Cartel might be the proper description, yet it is not that exactly. International unity is what it is, says Arum. More like an invisible belt of power around boxing, a less subtle man might say. The lineup is this: George Parnassus (the Far East and any place he chooses to alight); Tito Lectore ( South America); Rudolfo Sabbatini ( Italy and France); Jarvis Astaire ( Great Britain); Bob Arum (the U.S.). If there is major action to be cut up anywhere, it is a solid bet that each of these men, controlling the closed-circuit machinery as well as all else in their regions, will have a knife in his hand.
Their common bond, then, is that they all make money for each other. There is nothing thuggish about it, or even piratical, Arum says. "I like to get something done cleverly, but not by stealing. I like to outwit an opponent. Stealing makes me very uncomfortable." Arum balks also at any implication of "family" here, of something dark yet undefinable.
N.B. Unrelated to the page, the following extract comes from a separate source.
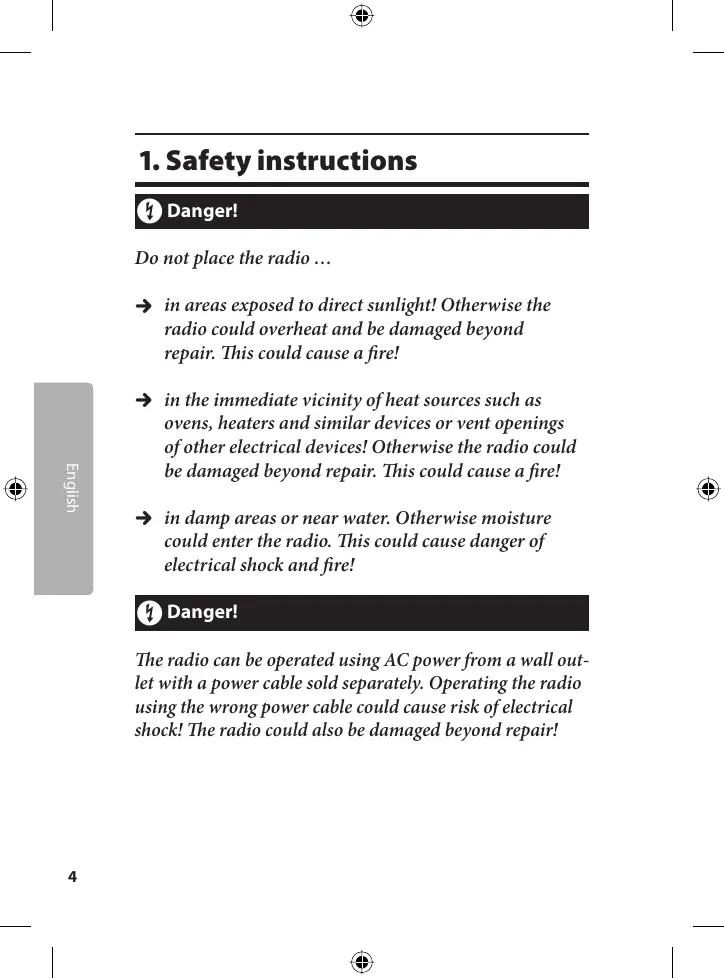 in the immediate vicinity of heat sources such as ovens, heaters and similar devices or vent openings of other electrical devices! Otherwise the radio could be damaged beyond repair. This could cause a fire!

Then why are he and his nonfamily always bent over the same pie? Simply because, says Arum, "there are so many dummies in this game, who else can you work with?" Jim Wicks, the old manager of Henry Cooper, perceives something else. Speaking of Astaire—Arum's major confederate—he says:
"If you don't want to work for certain people, you have to get out of the game. If a manager says two words wrong he is barred, he don't get no more work. I don't want to name anyone, but certain people...."
Says Astaire: "I'll tell you why this situation arises. There isn't room at the top. There will always be one person, one group or faction at the top, but there is not room for two. Everyone pays lip service to there being room for everybody, but it's on the way up, not at the top. There can be only one No. 1. I'm sorry, but there it is."
Urbane and a student of money, Astaire is clearly Arum's kind of operator. So is Mike Burke, the latest high priest at Madison Square Garden. "We did no negotiating with Teddy Brenner or Ali-Frazier," Arum emphasizes. "We made the deal with Mike Burke over dinner at '21'." Why Burke instead of the old tradesman Brenner? "Because," Arum says, " Mike Burke is a very intelligent, sophisticated man. And Teddy Brenner is a good matchmaker." He pauses: "I categorize Brenner as an honest person. Extremely unimaginative. He is a boxing purist and a traditionalist. He still doesn't understand the impact and importance of the TV aspect of boxing."
For Arum, phones do not go dead at the mention of his name. But people are cautious, and even his enemies stop at total candor. The late Yank Durham—Frazier's manager—never could abide Arum's presence in the same room and, try as he might, Arum never could close a deal with Durham. The manager would not elaborate; only a grumble and scowl signified his feelings. "To this day," Arum says, "I don't know why he disliked me so." Genuine hurt, sometimes mild shock, crosses Arum's face whenever the question of his unpopularity arises; it confounds him that anyone would not like him.
For one thing, he says, every fighter should be grateful to him for his New Deal. Not only has he opened fertile foreign markets, but for the first time the fighter is getting an "honest count" in the closed-circuit business, a complex and maddening end of the game. "The fighters are getting what they deserve," says Arum, "and I can tell you that's never happened before. Poor Floyd Patterson will never know how much was denied him. Sonny Liston lost a small fortune, and Ali never got all that was coming to him at first. But now we bring them up here, show them how to go over things, and they can bring anybody along to help them." Ali, for one, does not seem all that appreciative of Arum. Is he your friend? Ali was asked. He replied icily: "No."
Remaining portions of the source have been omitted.